* WORK REQUEST:
Please restate word for word the lines of the entries below from the one with "Done by Deer" to the one with "- Add the name", inclusive, and leave out every picture.

* DATA FOR ANALYSIS:
+--
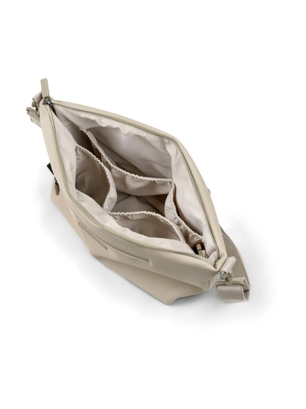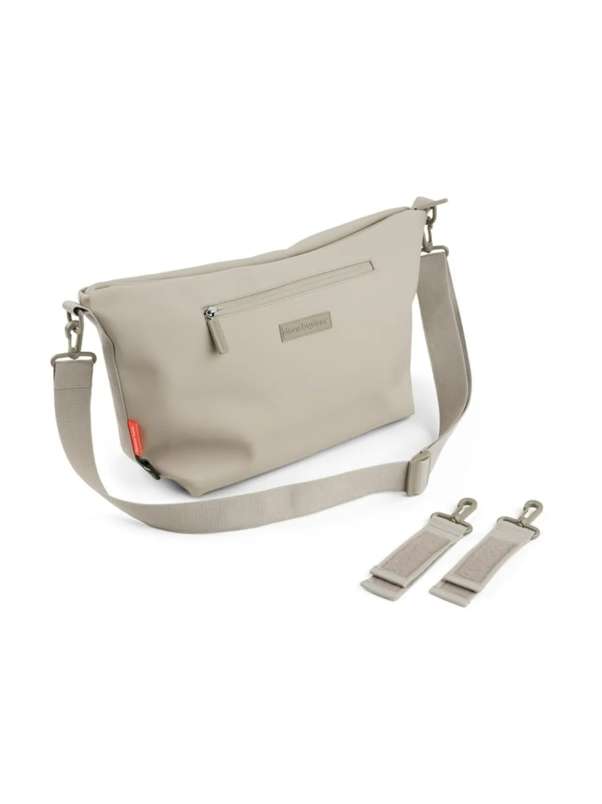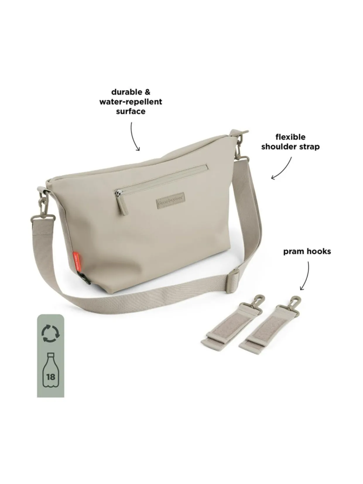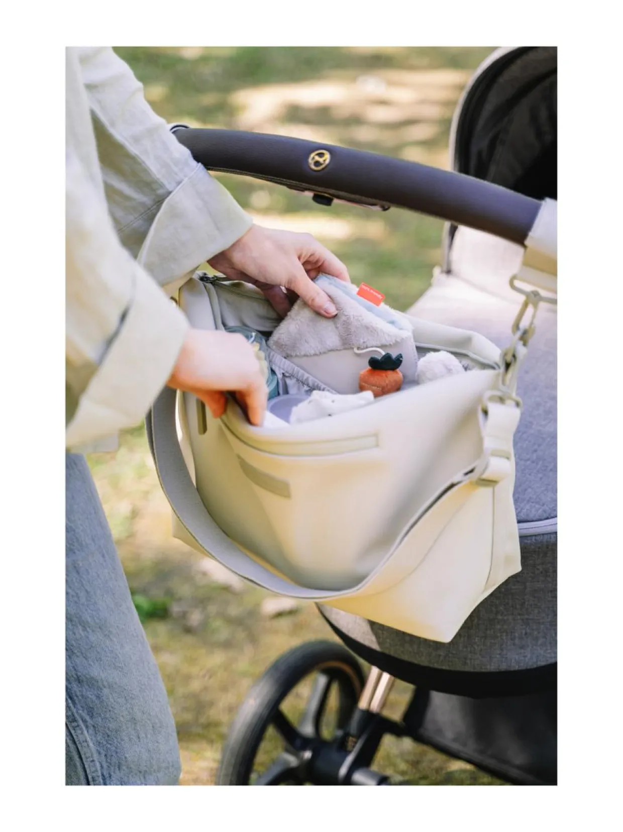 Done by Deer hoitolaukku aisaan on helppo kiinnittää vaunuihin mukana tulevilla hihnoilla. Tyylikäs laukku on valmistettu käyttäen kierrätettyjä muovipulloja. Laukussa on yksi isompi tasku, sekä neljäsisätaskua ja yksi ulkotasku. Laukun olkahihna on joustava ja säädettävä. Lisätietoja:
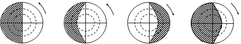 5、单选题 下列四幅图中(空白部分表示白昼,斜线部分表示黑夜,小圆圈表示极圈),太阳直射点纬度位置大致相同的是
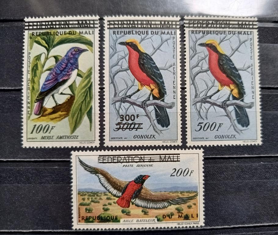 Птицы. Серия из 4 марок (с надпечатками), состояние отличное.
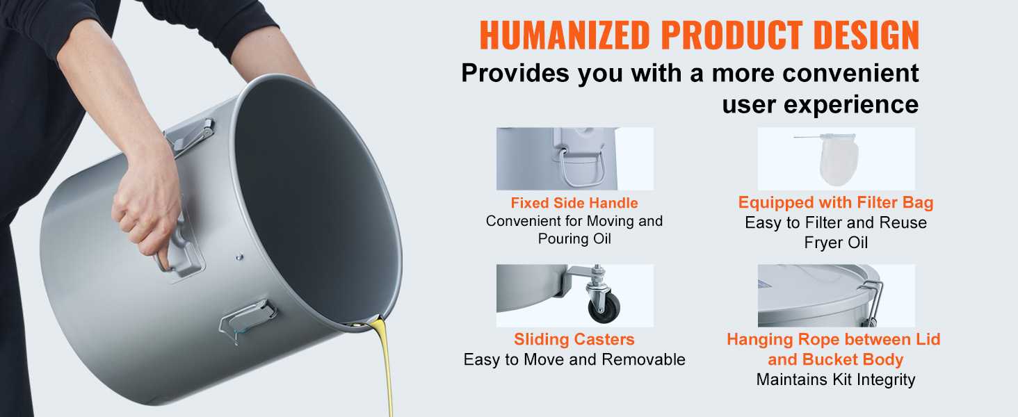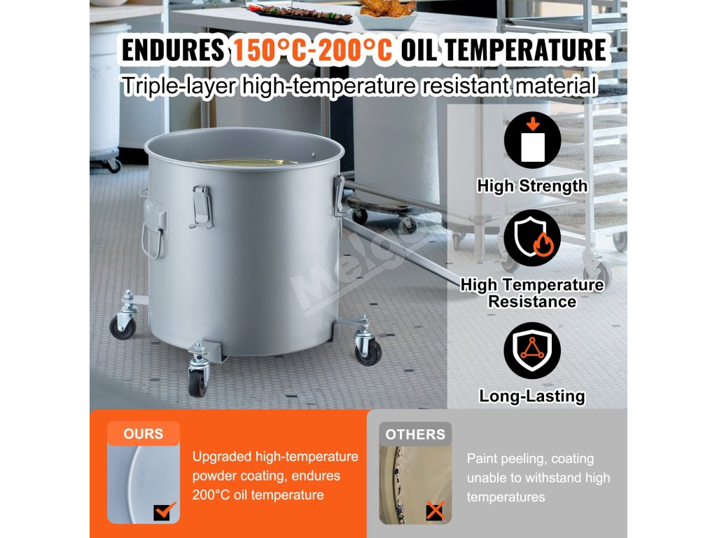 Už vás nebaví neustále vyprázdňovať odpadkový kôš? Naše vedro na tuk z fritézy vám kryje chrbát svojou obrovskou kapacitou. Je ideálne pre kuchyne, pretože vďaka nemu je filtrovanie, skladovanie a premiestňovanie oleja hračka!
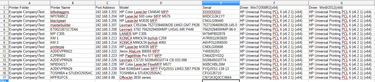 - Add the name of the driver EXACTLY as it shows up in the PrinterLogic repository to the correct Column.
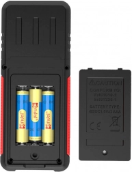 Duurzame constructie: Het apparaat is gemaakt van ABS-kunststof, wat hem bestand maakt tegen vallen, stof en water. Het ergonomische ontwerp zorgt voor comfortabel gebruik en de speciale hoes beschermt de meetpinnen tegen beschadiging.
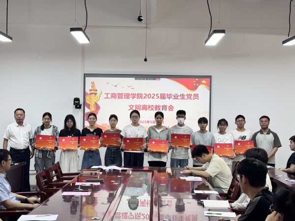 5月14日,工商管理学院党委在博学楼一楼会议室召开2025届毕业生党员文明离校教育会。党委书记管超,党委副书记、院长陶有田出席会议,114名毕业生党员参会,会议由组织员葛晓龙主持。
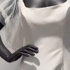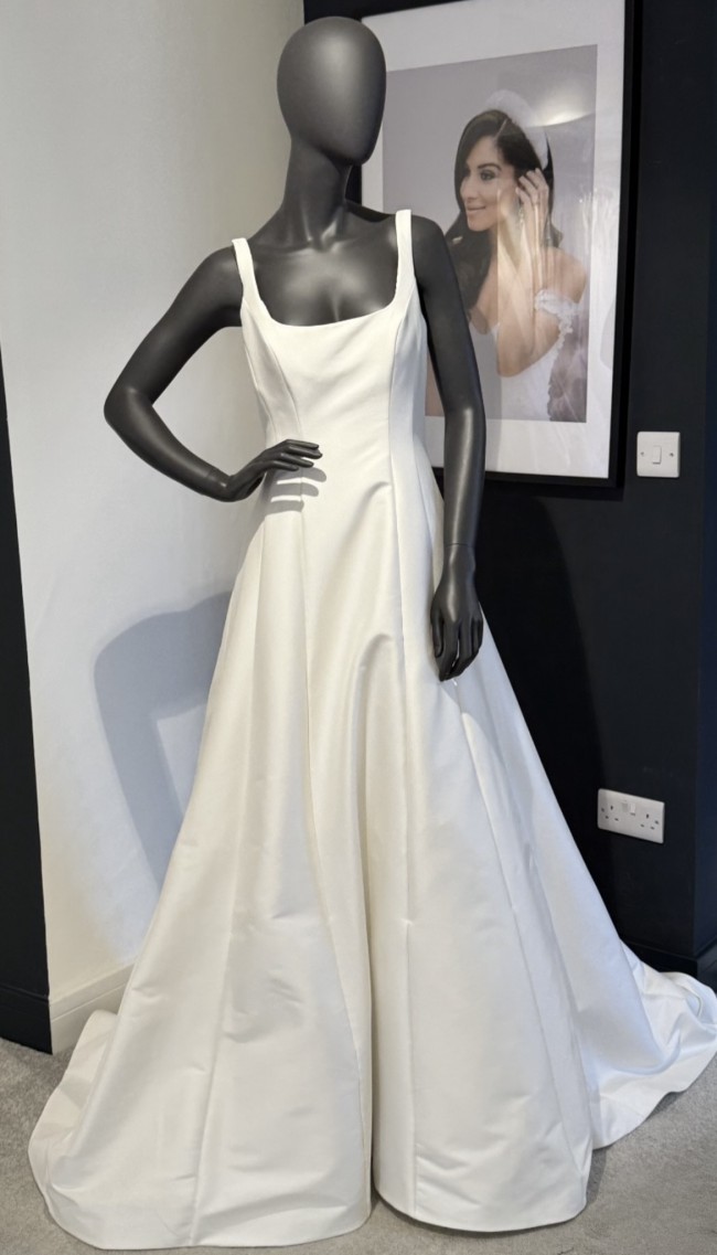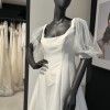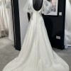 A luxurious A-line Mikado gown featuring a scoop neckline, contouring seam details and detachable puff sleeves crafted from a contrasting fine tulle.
+--
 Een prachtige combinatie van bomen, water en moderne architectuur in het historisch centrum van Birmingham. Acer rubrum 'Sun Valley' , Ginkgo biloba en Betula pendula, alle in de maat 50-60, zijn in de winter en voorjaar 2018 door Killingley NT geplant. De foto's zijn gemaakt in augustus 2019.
+--
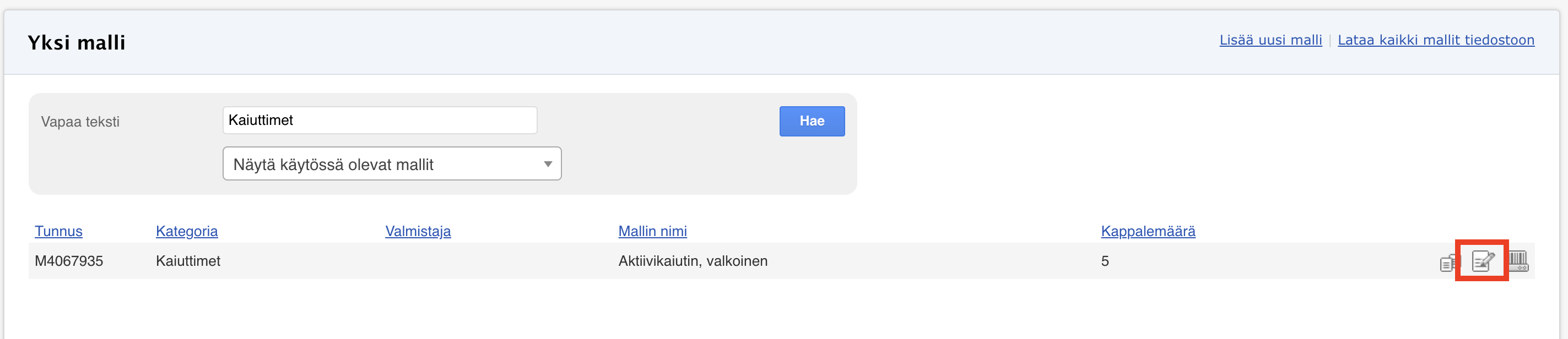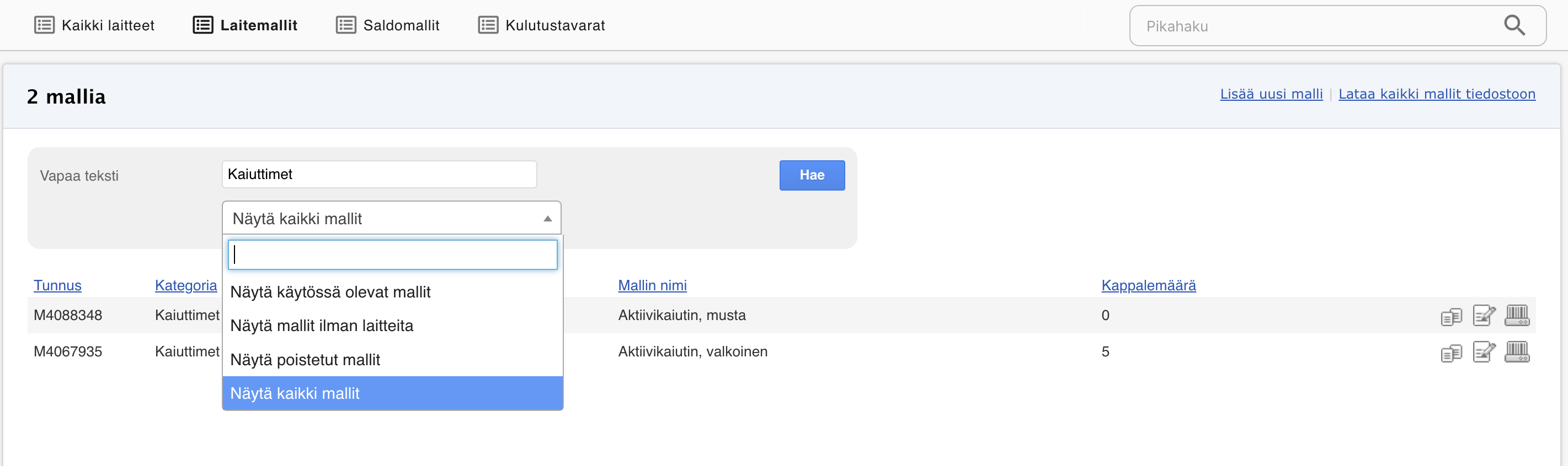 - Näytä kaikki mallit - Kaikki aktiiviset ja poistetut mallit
+--
* WRITTEN ANSWER:
 Done by Deer hoitolaukku aisaan on helppo kiinnittää vaunuihin mukana tulevilla hihnoilla. Tyylikäs laukku on valmistettu käyttäen kierrätettyjä muovipulloja. Laukussa on yksi isompi tasku, sekä neljäsisätaskua ja yksi ulkotasku. Laukun olkahihna on joustava ja säädettävä. Lisätietoja:
 5、单选题 下列四幅图中(空白部分表示白昼,斜线部分表示黑夜,小圆圈表示极圈),太阳直射点纬度位置大致相同的是
 Птицы. Серия из 4 марок (с надпечатками), состояние отличное.
 Už vás nebaví neustále vyprázdňovať odpadkový kôš? Naše vedro na tuk z fritézy vám kryje chrbát svojou obrovskou kapacitou. Je ideálne pre kuchyne, pretože vďaka nemu je filtrovanie, skladovanie a premiestňovanie oleja hračka!
 - Add the name of the driver EXACTLY as it shows up in the PrinterLogic repository to the correct Column.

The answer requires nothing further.